All very good points, which is why I think the political free instance shouldn't be temporary. People should be able to consider it their long term home.
Hello,
Thank you for your comment and proposal.
The potential issue with the approach you suggest is that once people leave the onboarding instance for another one, their feed is now filled with all the depressive posts we know are usually the most upvoted/discussed. Some might want to stay in the onboarding instance forever. Heck,, even I wouldn't mind having one of my alts there and just enjoy chill content.
That's interesting. It probably goes back to your aussie.zone being country-based. I have the same feeling on country instances, while general instances Local feed then to be too heterogeneous to be interesting.
This is likely the reason.
Maybe the above difference we have in our user experiences is why from my perspective this looks like it'll work, and why it doesn't look like it from your perspective.
Thats where i think the active mods in those Local Communities acting as guides for new users is essential.
For example, 'Home Instance Selection' would need mods actively putting up links and guides for selecting an instance, while actively discovering new ones, then responding to questions newcomers have about certain instances. Basically the mods on that community would be signing up for something akin to a city's Tourism Stand.
It seems the divisive posts/instances, can only really be avoided three ways.
I'm advocating to lean into the third option as the best way to deal with the divisive post/instances from the outset. It seems to leverage the decentralised but connected nature of fediverse best as well.
I have an alt on a country instance, so I can compare, it's vastly different.
People can block those in their settings now. What we don't have is a way to define a default blocklist applicable to all new users. A way to achieve the same result is either hiding (see the other post on this topic in the same community) or blocking those communities, but that has to be done by the admin.
The issue with the strong Local feed is that it's unrealistic to migrate all the "chill" communities listed on https://feddit.org/post/6554534 on the new instance, and it's also unrealistic to expect the Local feed to be as active as those communities.

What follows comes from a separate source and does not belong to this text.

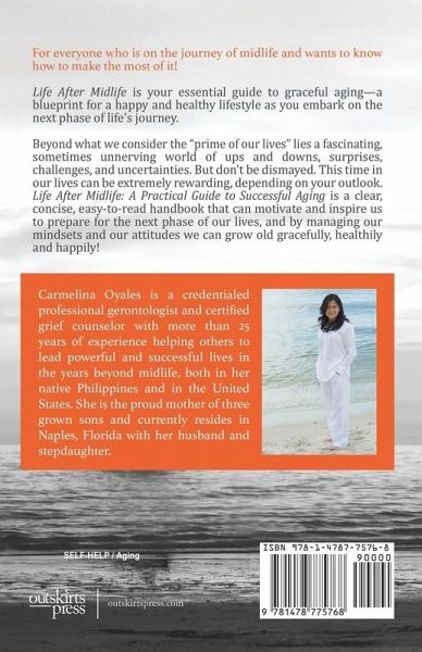 Life After Midlife: A Practical Guide to Successful Aging illuminates the blind spots many people have about navigating life past midlife. Author Carmelina Oyales, CPG, is a credentialed gerontologist with a master's degree in gerontology. Oyales pours her extensive education and professional counseling experience into practical advice for meeting the physical, emotional, and psychological changes that come with aging, including creating opportunity, stability and freedom. Aimed at everyone who wants to grow old gracefully and successfully, Life After Midlife also offers specific advice for the Filipino expatriate. Oyales guides readers to act now on elements that can impact all aspects of life in later years.

Lemmy is small, [email protected] and [email protected] are good where they are, nobody is going to replicate all of their content to the new instance local feed.

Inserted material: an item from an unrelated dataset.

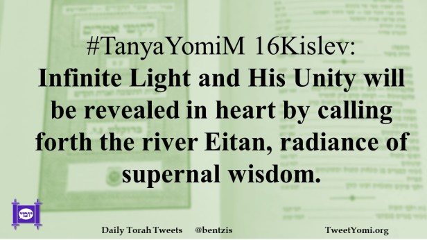 #TanyaYomiM 16Kislev: Infinite Light and His Unity will be revealed in heart by calling forth the river Eitan, radiance of supernal wisdom.

Yeah, i shouldn't have waded into the technical stuff, i knew i'd get it mixed up! My bad!
I would never dream of migrations like that. Theres lots of doubling of Communities on Lemmy. Its, for the most part, been quite a healthy thing to have multiple communities on the same or very similar topics.

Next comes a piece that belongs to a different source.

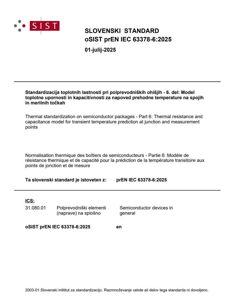 Standardizacija toplotnih lastnosti pri polprevodniških ohišjih - 6. del: Model toplotne upornosti in kapacitivnosti za napoved prehodne temperature na spojih in merilnih točkah (IEC 63378-6:2026)

Some haven't worked and are dead while others thrive, it provides an outlet for disagreements with overzealous mods, sometimes the minute differences in the worldnews commujities really makes a difference in the types of posts on each of them.
The above aside, So the idea i'm suggesting is strictly onboarding topics on the Local. Meaning the Local for anyone who's been around a while could find the Local quite boring, that in itself acts as a nudge for new users to move when theyre ready.
So no c/funny, or c/movies, communities, as you say others have got good communities going on those topics already.
The onboarding topics would include things like c/Choose a Home Instance, c/What is Fediverse, c/What is Lemmy, c/what the hell is Peertube, etc. Stuff like that, this is all of the top of my head so take the names for their vibe, not literally.
The 'onboarding only instance' matches your requirement of not being too political too quickly for newbies and avoids the questions of how far to go with whats defined as political. Because on the instance you will be deemed off topic if the comments aren't in relation to the new users setting themselves up on Lemmy. However, it has the added bonus of new users being able to go into All to see the real deal, then fall back into Local of they need context for something they've seen.
Now I understand more your vision.
But then, there still needs to be some curation for the All feed, otherwise people will find the same depressing All feed we currently do, and just leave.